Aluminium: Chinese winter cuts hit alumina refineries
Three-month aluminium prices on the London Metal Exchange bounced by over 2.2% on Wednesday amid vaccines optimism and hopes for a stimulus package remains alive. Meanwhile, the winters cuts that started at some alumina refineries in China also fueled the bullish vibe
Winters cuts have started to hit some Chinese alumina operations in several provinces including Shanxi, Shaanxi and Henan (known as Fenwei plain) as some provinces/cities have issued smog warnings, which has fueled the bullish vibe in the Chinese aluminium market.

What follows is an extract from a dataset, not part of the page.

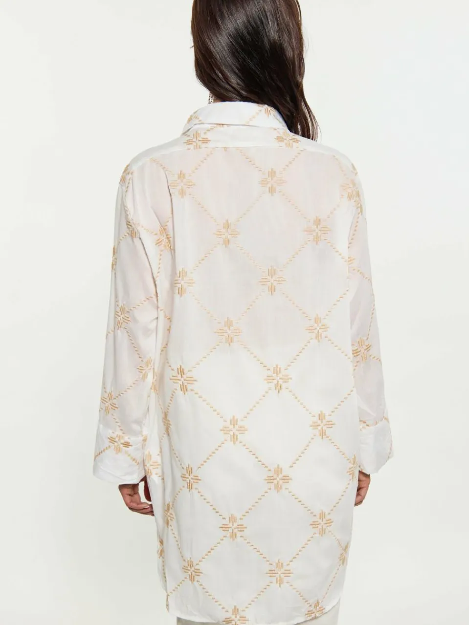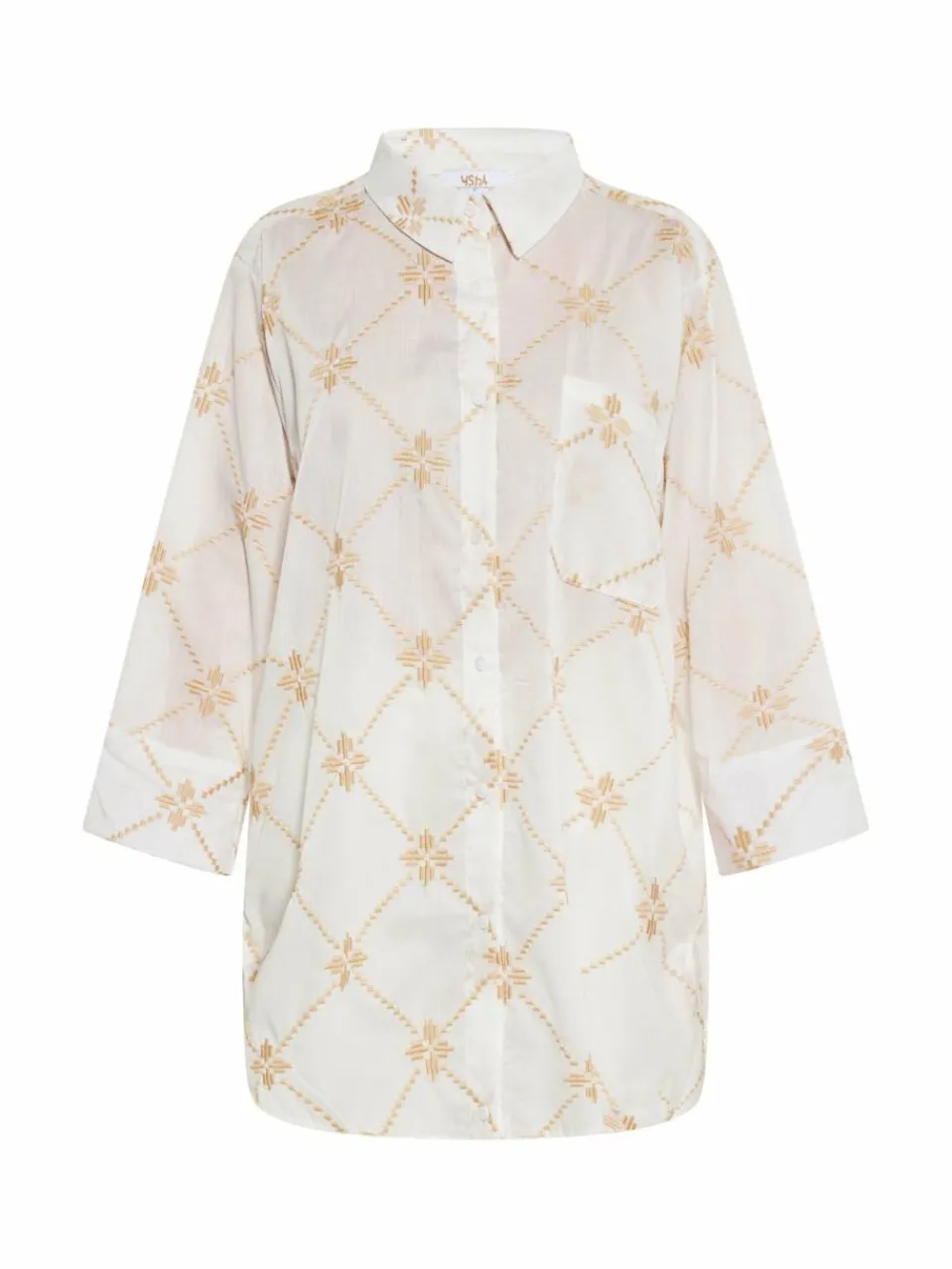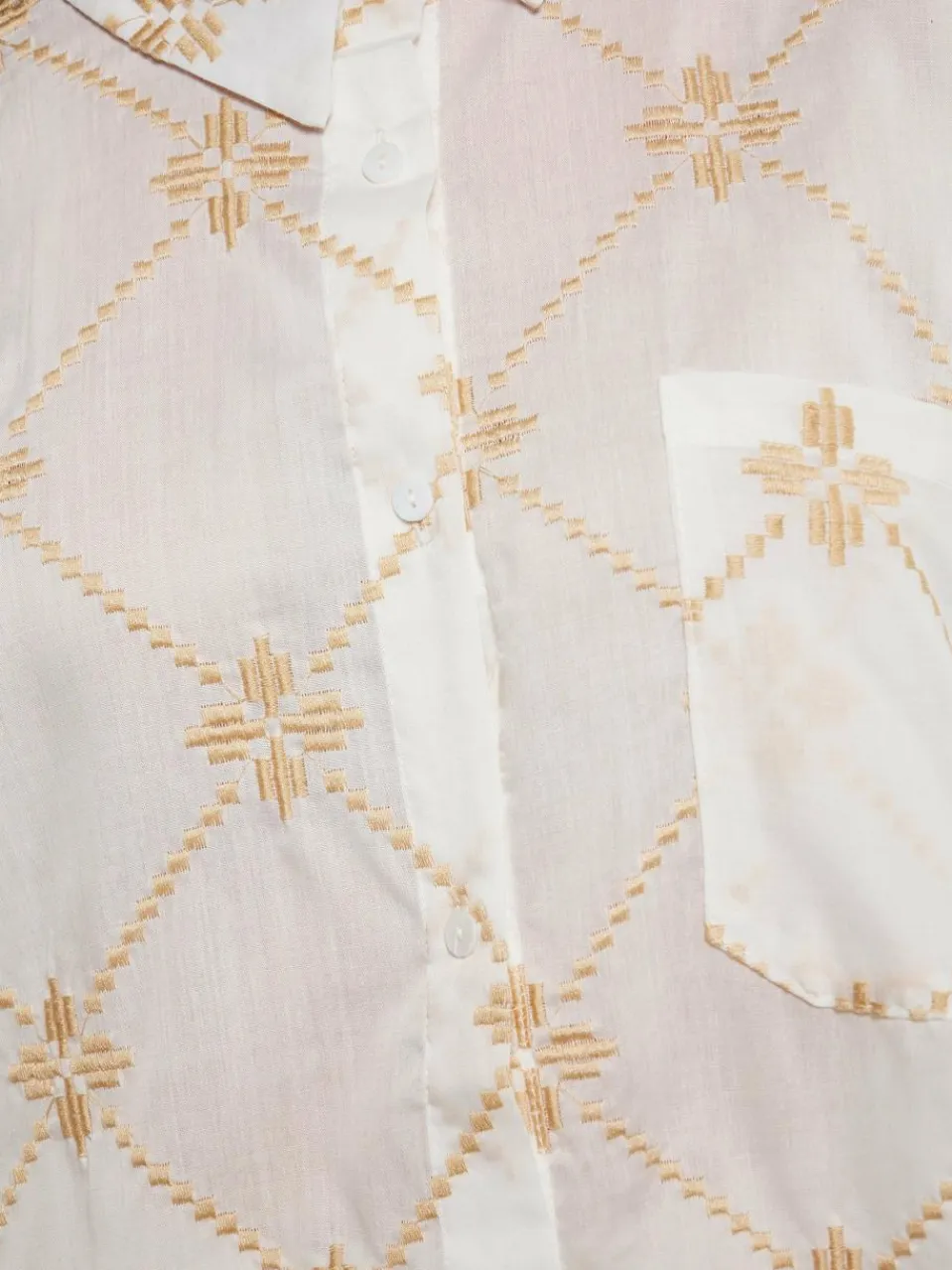 Discover the charm of this shirt with special embroidery, designed for both comfort and style. The buttoned-up front and pointed collar enhance its sophistication, while wide sleeve ensure ease of movement. Ideal as a festival shirt or casual wear, this cotton shirt features a unique pattern and a single chest pocket.

According to Antaike, the winter cuts have so far hit a total of 3.3 million tonnes of alumina operations, mostly in the Fenwei plain region, which is geographically the northern China market. However, the restrictions are mainly hitting the calcining process at the refineries which may not lead to a full stop in supply immediately, and it remains to be seen how such events would further unfold and impact the real supply in the market. Currently, the restrictions that have been put into place are set to last until the end of December. As a result, there has been a push to higher alumina prices in the northern market. However, the southwestern market is relatively well supplied, and the local alumina prices remain under pressure. In the short term, the market strength could remain divergent between the north and the south. It remains to be seen how many further restrictions will be required should air pollution worsen.

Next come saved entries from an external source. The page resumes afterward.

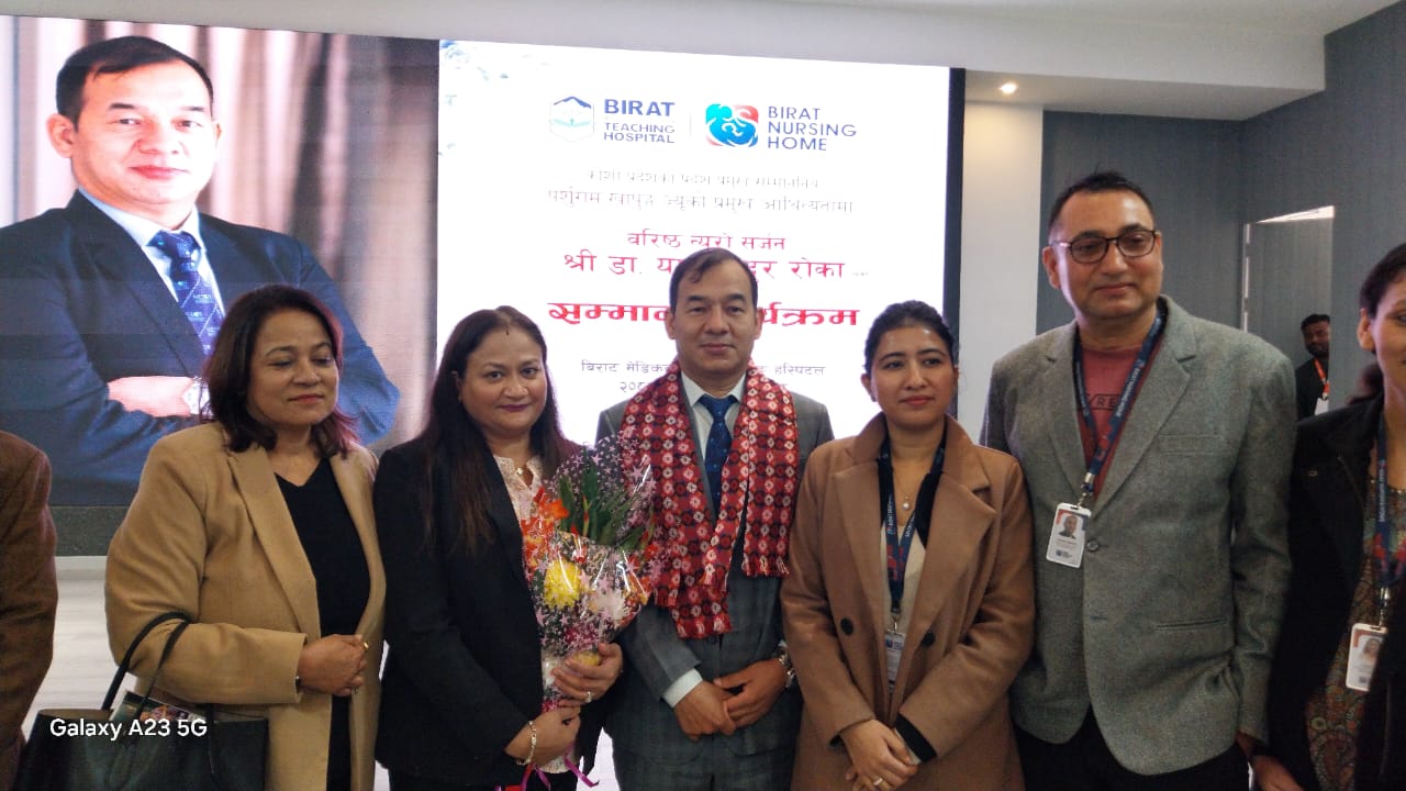 विराटनगर में 15 वर्षों से न्यूरो सर्जन के रूप में कार्यरत डॉक्टर यम बहादुर रोका को विशेष सम्मान सहित विदाई दी गई। न्यूरो और मस्तिष्क से संबंधित जटिल सर्जरी में सफल माने जाने वाले डॉक्टर रोका को विराट मेडिकल कॉलेज एंड टीचिंग अस्पताल ने बुधवार को विशेष सम्मान दिया।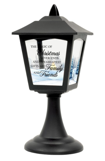 These lanterns are made a high quality metal finish and uv printed glass artwork with sentiment and comes with a fabric shade. DC 3V Lightbulb is included. On/off switch and requires 3 AAA batteries (not included.) Indoor use only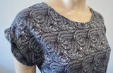 MAJE Black Blue White REPTILE Print Round Neckline Short Sleeve Jersey Dress 2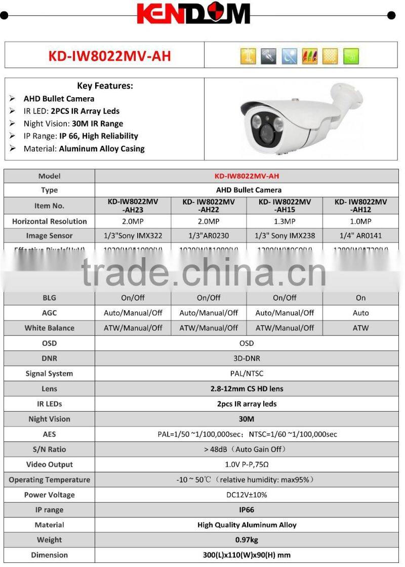 Kendom KD-IW8040MF-IP30 CE FCC ROHS IP CCTV Security 3.0 MP 4pcs IR Array Leds Camera Support 60M IR Range Bullet Outdoor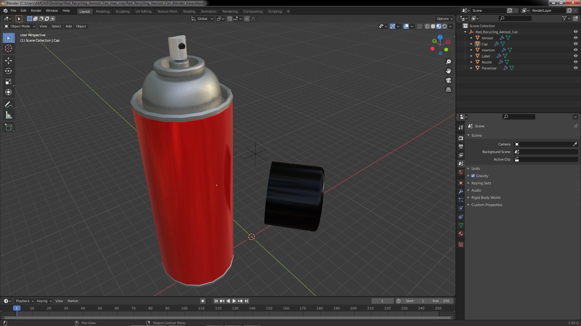 Red Recycling Aerosol Can is a high quality, photo real 3d model that will enhance detail and realism to any of your rendering projects. The model has a fully textured, detailed design that allows for close-up renders, and was originally modeled in 3ds Max 2020 and rendered with V-Ray. Renders have no postprocessing!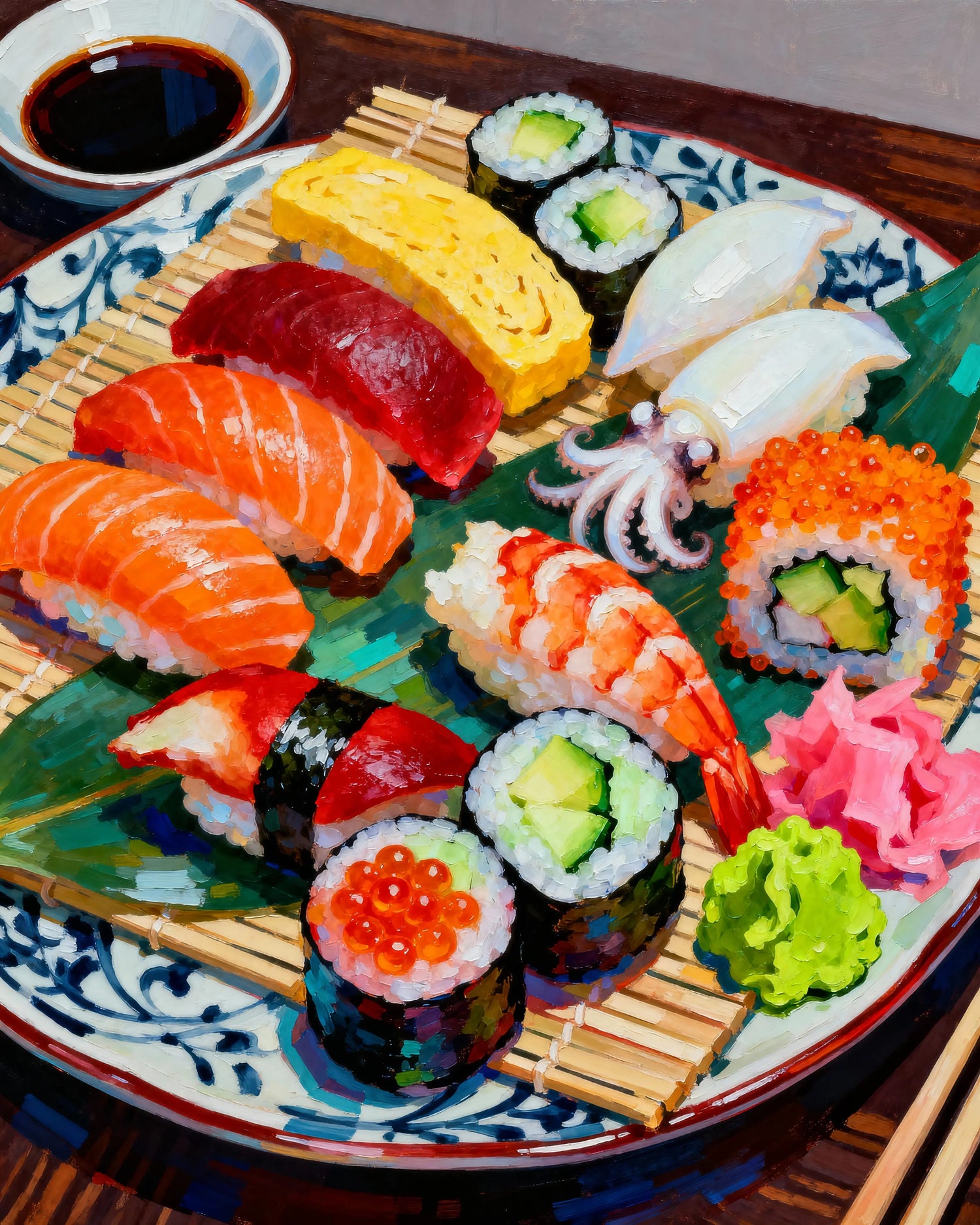 Designed to enhance your interior, this painting evokes the finesse of a Japanese meal, carried by a harmonious and refined palette.

Currently, total Chinese aluminium smelting operations remained high (39.26 mln t/year in operation, +9% year-on-year) driven by strong margins, hence the demand for alumina is robust. Apart from feeding by domestic alumina supply, China also imports a large amount of alumina from overseas markets, mainly from Australia. During the first ten months of 2020, the country imported over 3 million tonnes of alumina, compared to around 1.6 million tonnes for the full year 2019. It is likely that in case the local alumina market tightens further and leads to higher prices, imports could remain elevated and potentially alumina to move from the south to the northern market in order to ease the tightness. It is still too early to expect any significant cost inflation for aluminium production at this stage or even to have an impact on primary production. However, further news on winter cuts may continue to boost market sentiment. While the market has been paying great attention to stronger China aluminium demand, inventories have remained low compared to the traditional seasonal pattern. Although last week there was around a 4kt inventory rise that had triggered some long liquidations, this has stayed unchanged so far this week.